··· COLLECTED DATA ···

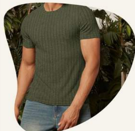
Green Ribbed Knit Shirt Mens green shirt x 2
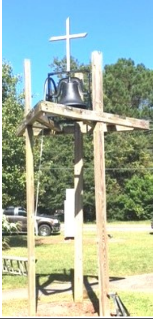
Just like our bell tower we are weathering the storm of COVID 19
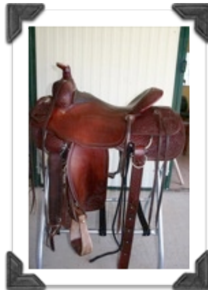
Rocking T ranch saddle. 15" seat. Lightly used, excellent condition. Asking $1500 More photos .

···

#### WORK TO COMPLETE
Would you copy all the material exactly, dropping the pictures?

#### FINISHED EXERCISE
Green Ribbed Knit Shirt Mens green shirt x 2
Just like our bell tower we are weathering the storm of COVID 19
Rocking T ranch saddle. 15" seat. Lightly used, excellent condition. Asking $1500 More photos .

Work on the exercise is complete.